§ **WHAT TO PRODUCE**
Reproduce, exactly and in full, the lines from the one with "Six Natural Turquoise" through the one with "觀眾在服貿會文旅服務專題展區" in the data below; drop pictures.

§ **DATA LISTING**
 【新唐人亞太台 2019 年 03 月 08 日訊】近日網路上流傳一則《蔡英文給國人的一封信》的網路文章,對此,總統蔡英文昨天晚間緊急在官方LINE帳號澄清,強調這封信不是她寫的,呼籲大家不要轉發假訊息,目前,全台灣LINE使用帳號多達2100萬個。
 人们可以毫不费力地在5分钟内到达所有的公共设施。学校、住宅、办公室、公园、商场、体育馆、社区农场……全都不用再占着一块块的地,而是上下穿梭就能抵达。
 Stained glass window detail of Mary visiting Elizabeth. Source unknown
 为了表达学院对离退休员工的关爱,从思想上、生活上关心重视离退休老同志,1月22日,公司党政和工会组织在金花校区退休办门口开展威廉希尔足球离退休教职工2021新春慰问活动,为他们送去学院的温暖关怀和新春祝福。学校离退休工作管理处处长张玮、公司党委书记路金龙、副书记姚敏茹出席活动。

* * *

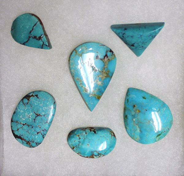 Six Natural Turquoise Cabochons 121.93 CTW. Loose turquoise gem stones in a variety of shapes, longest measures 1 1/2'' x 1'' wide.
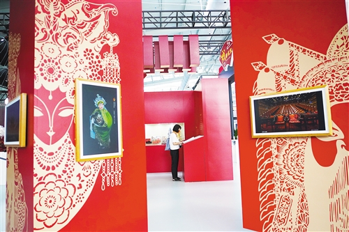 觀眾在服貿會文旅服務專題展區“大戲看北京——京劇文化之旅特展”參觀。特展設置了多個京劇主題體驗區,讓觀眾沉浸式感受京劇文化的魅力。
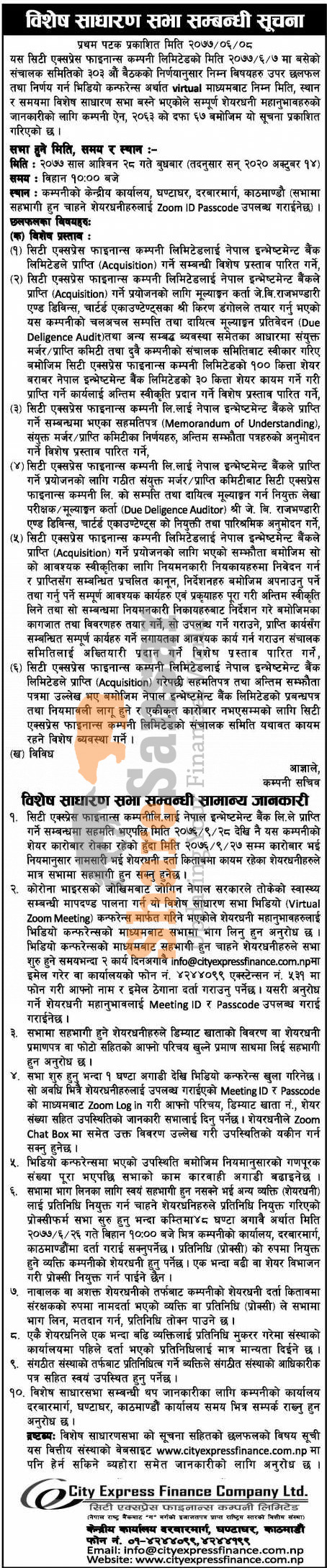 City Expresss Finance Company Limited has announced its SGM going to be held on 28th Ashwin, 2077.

§ **EXPECTED ANSWER**
 Six Natural Turquoise Cabochons 121.93 CTW. Loose turquoise gem stones in a variety of shapes, longest measures 1 1/2'' x 1'' wide.
 觀眾在服貿會文旅服務專題展區“大戲看北京——京劇文化之旅特展”參觀。特展設置了多個京劇主題體驗區,讓觀眾沉浸式感受京劇文化的魅力。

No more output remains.